2014年8月29日から31日まで、2年間に渡って描いてきた「両界曼荼羅」の彩色完成披露展を、施主のご厚意で開催した。
たった3日間だけだったが、200名以上の仏画ファンにゆっくりご覧いただくことが出来た。

東寺に伝わる彩色曼荼羅では世界最古といわれる「西院曼荼羅(伝真言院曼荼羅)」を写した。施主のご希望だ。
どこの国で描かれたのか、どんな描き手なのか、その描法も、いわれも、何も特定できていないミステリアスな曼荼羅なのだ。
他に例を見ない、その隈取技法や面相などから、請来本とも言われる。インドらしい趣から、インドの仏画が中国に渡って、日本に入って、日本の大和絵師が、縮小して写した・・・など説がいろいろあって、楽しい。

その曼荼羅の写本が完成したので、仏画に関心のある方に観てもらおうと、各紙(京都新聞・読売新聞・毎日新聞・中外日報等)に広報をお願いした。
29日の朝には、ひっきりなしに電話が鳴り、新聞の威力を思い知った。
3日間だけというので、小さなギャラリーは、ほとんど誰も居ない状態はなかったように思う。それでも200名超えだそうで、人数的にはたいしたことはないのだが、来られた方々は皆さん、仏画や曼荼羅に関心のある方たちばかりで、案内係りの弟子たちも質問にタジタジだった。

今回の披露展は、まだ納まる前の曼荼羅、何かあってはいけないと防犯カメラを設置して、監視していた。
実は、曼荼羅制作は2年間工房の場所が塞がるので、このギャラリーの床にベニヤ板を敷き詰め、ここで描いていた。つまり、ギャラリーは2年間閉鎖状態だった。

曼荼羅を描き終え、大きな布を掛けてその日の作業を終えるわけだが、そろそろ完成するといったその頃赤外線カメラを設置した。披露展の3日ほど前だ。

モニターでチェックをしていると、曼荼羅の上を不思議なものが飛んでいる。 赤外線に映し出されたそれは、まさしくあの白い半透明の球体、オーブだ。

下のビデオに映りこんでいるそれよりも10倍くらい大きなサイズだが、設置した当初は、ビデオボタンがあるのを知らなかったので動画はない。
インドのエローラ等で撮影した写真に写りこんでいたあれだ。静止画なので、埃か何かが、たまたまフラッシュに映りこんで映ったのかもしれないと、100%信じてはいなかったこともあり、今回の動くそれを見た時は、感動ものだった。

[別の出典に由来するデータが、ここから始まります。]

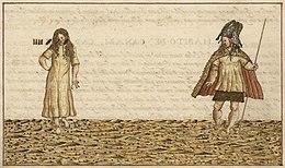 The native term guanchinet literally translated means "person of Tenerife" (from Guan = person and Chinet = Tenerife).[1] It was modified, according to Juan Núñez de la Peña, by the Castilians into "Guanchos".[4] Though etymologically being an ancient, Tenerife-specific, term, the word Guanche is now mostly used to refer to the pre-Hispanic aboriginal inhabitants of the entire archipelago.[5]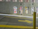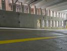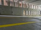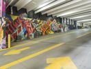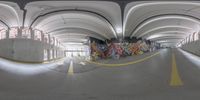 an empty road with lots of graffiti on it in a building's ceiling covered with arches

怖いとか気持ち悪いとかそんなおぞましい気持ちというより、何か清らかな何かを見たといった感じなのだ。心が洗われるようなそんな気分にさえなる。不思議な体験だった。

そんなことで、下の動画は、「曼荼羅とオーブ?」というタイトルでお客様の居ない時の様子を編集してみた。
実は、入館者の多い時も、けっこう映っているのだが、なぜか手を合わせて曼荼羅に向かう人の周囲に多いように思えたのだから、不思議体験として、書かざるを得なかったわけである。